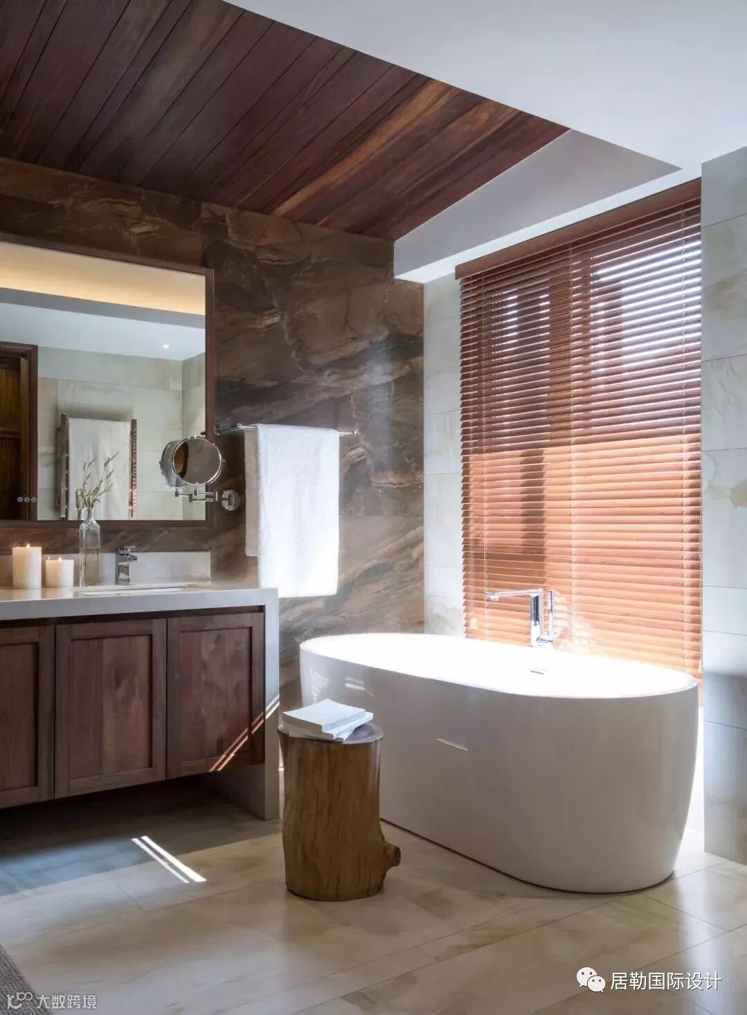 化妆间遵照材料本体的美学感觉,再把自然光,四时变化的景致纳入,就会是一个灵性通透的空间。
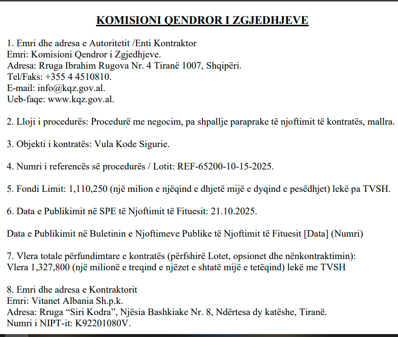 Kjo kontratë është shpallur më 23 tetor 2025 dhe e ka vlerën totale përfundimtare 2,498,400 lekë me TVSH.
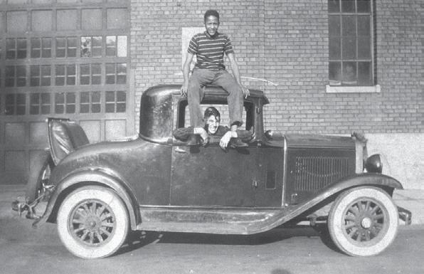 Louie Harris is sitting on the roof of his Wind sor-built 1931 Dodge rumble seat coupe, while his friend Jack Morton sits inside. The photo was taken in Toronto in 1944.
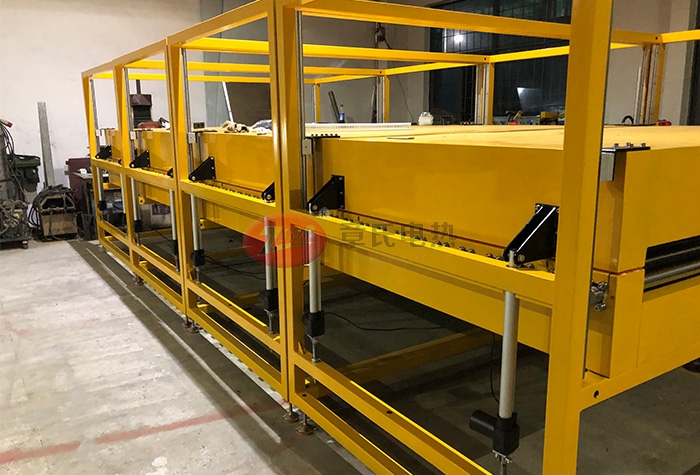 3、電器部分:電源三相  AC380V,120A,三相五線制,功率43KW,采用2P臺(tái)灣愛德利變頻器變頻調(diào)速,  配臺(tái)灣愛德力1.5KW調(diào)速電機(jī)一臺(tái),奧克力牌80型減速牙箱,速比為1:60,配傳動(dòng)齒輪和傳動(dòng)鏈條,傳動(dòng)速度0.5至6米/分鐘任意可調(diào),配獨(dú)立的控制系統(tǒng),每段爐腔配臺(tái)灣愛德力牌運(yùn)風(fēng)馬達(dá)二臺(tái),配八寸半運(yùn)風(fēng)風(fēng)輪,爐蓋雙內(nèi)層配有運(yùn)風(fēng)風(fēng)槽,發(fā)熱管內(nèi)置風(fēng)槽內(nèi),三面循環(huán)運(yùn)風(fēng),共計(jì):10臺(tái)運(yùn)風(fēng)馬達(dá),每臺(tái)0.37KW.使?fàn)t內(nèi)溫度更加均勻;每段爐腔內(nèi)裝有不銹鋼散熱片式發(fā)熱管12條,共計(jì)60條,每條600W均勻分布在配在爐腔內(nèi)部,傳輸帶底部配有隔熱層,厚度為80mm,使?fàn)t外溫度不燙手(溫度在50度以下),每段爐腔配獨(dú)立的控制電箱和溫控系統(tǒng).方便設(shè)置不同的溫度。
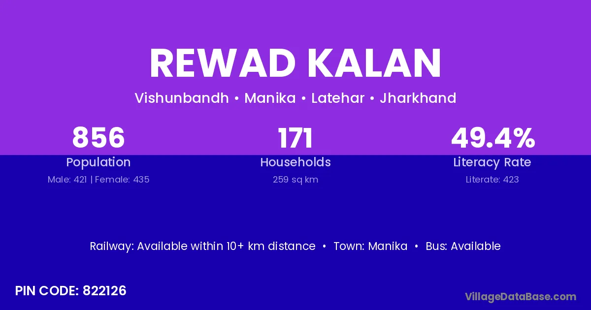 Rewad Kalan village has a total population of 856 people, of which 421 are males and 435 are females.
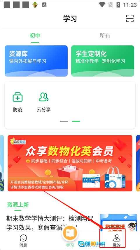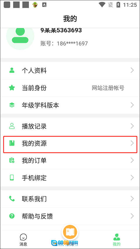 点击如图所示位置的【我的资源】功能。
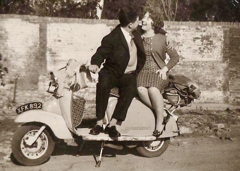 I feel privileged to post this image from my new online pal Steve Morris – of his Mum and Dad on their Lambretta. This photos captures a perfect instant of joy! Steve has a fantastic Lambretta collection that I’m going to post more about soon!
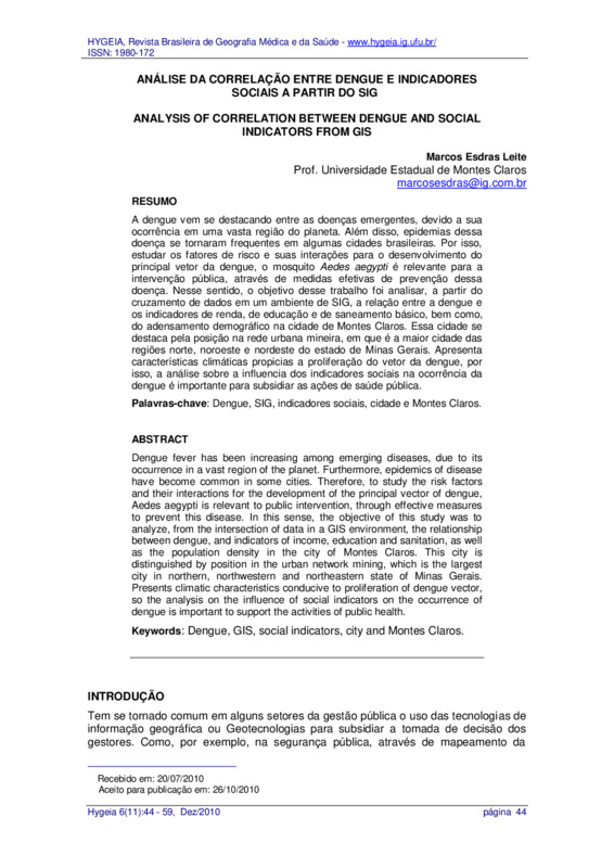 ANÁLISE DA CORRELAÇÃO ENTRE DENGUE E INDICADORES SOCIAIS A PARTIR DO SIG - ANALYSIS OF CORRELATION BETWEEN DENGUE AND SOCIAL INDICATORS FROM GIS

══════════

What you should do. Every entry above should be printed again exactly, except for the pictures.

Exercise response.
 化妆间遵照材料本体的美学感觉,再把自然光,四时变化的景致纳入,就会是一个灵性通透的空间。
 Kjo kontratë është shpallur më 23 tetor 2025 dhe e ka vlerën totale përfundimtare 2,498,400 lekë me TVSH.
 Louie Harris is sitting on the roof of his Wind sor-built 1931 Dodge rumble seat coupe, while his friend Jack Morton sits inside. The photo was taken in Toronto in 1944.
 3、電器部分:電源三相  AC380V,120A,三相五線制,功率43KW,采用2P臺(tái)灣愛德利變頻器變頻調(diào)速,  配臺(tái)灣愛德力1.5KW調(diào)速電機(jī)一臺(tái),奧克力牌80型減速牙箱,速比為1:60,配傳動(dòng)齒輪和傳動(dòng)鏈條,傳動(dòng)速度0.5至6米/分鐘任意可調(diào),配獨(dú)立的控制系統(tǒng),每段爐腔配臺(tái)灣愛德力牌運(yùn)風(fēng)馬達(dá)二臺(tái),配八寸半運(yùn)風(fēng)風(fēng)輪,爐蓋雙內(nèi)層配有運(yùn)風(fēng)風(fēng)槽,發(fā)熱管內(nèi)置風(fēng)槽內(nèi),三面循環(huán)運(yùn)風(fēng),共計(jì):10臺(tái)運(yùn)風(fēng)馬達(dá),每臺(tái)0.37KW.使?fàn)t內(nèi)溫度更加均勻;每段爐腔內(nèi)裝有不銹鋼散熱片式發(fā)熱管12條,共計(jì)60條,每條600W均勻分布在配在爐腔內(nèi)部,傳輸帶底部配有隔熱層,厚度為80mm,使?fàn)t外溫度不燙手(溫度在50度以下),每段爐腔配獨(dú)立的控制電箱和溫控系統(tǒng).方便設(shè)置不同的溫度。
 Rewad Kalan village has a total population of 856 people, of which 421 are males and 435 are females.
 点击如图所示位置的【我的资源】功能。
 I feel privileged to post this image from my new online pal Steve Morris – of his Mum and Dad on their Lambretta. This photos captures a perfect instant of joy! Steve has a fantastic Lambretta collection that I’m going to post more about soon!
 ANÁLISE DA CORRELAÇÃO ENTRE DENGUE E INDICADORES SOCIAIS A PARTIR DO SIG - ANALYSIS OF CORRELATION BETWEEN DENGUE AND SOCIAL INDICATORS FROM GIS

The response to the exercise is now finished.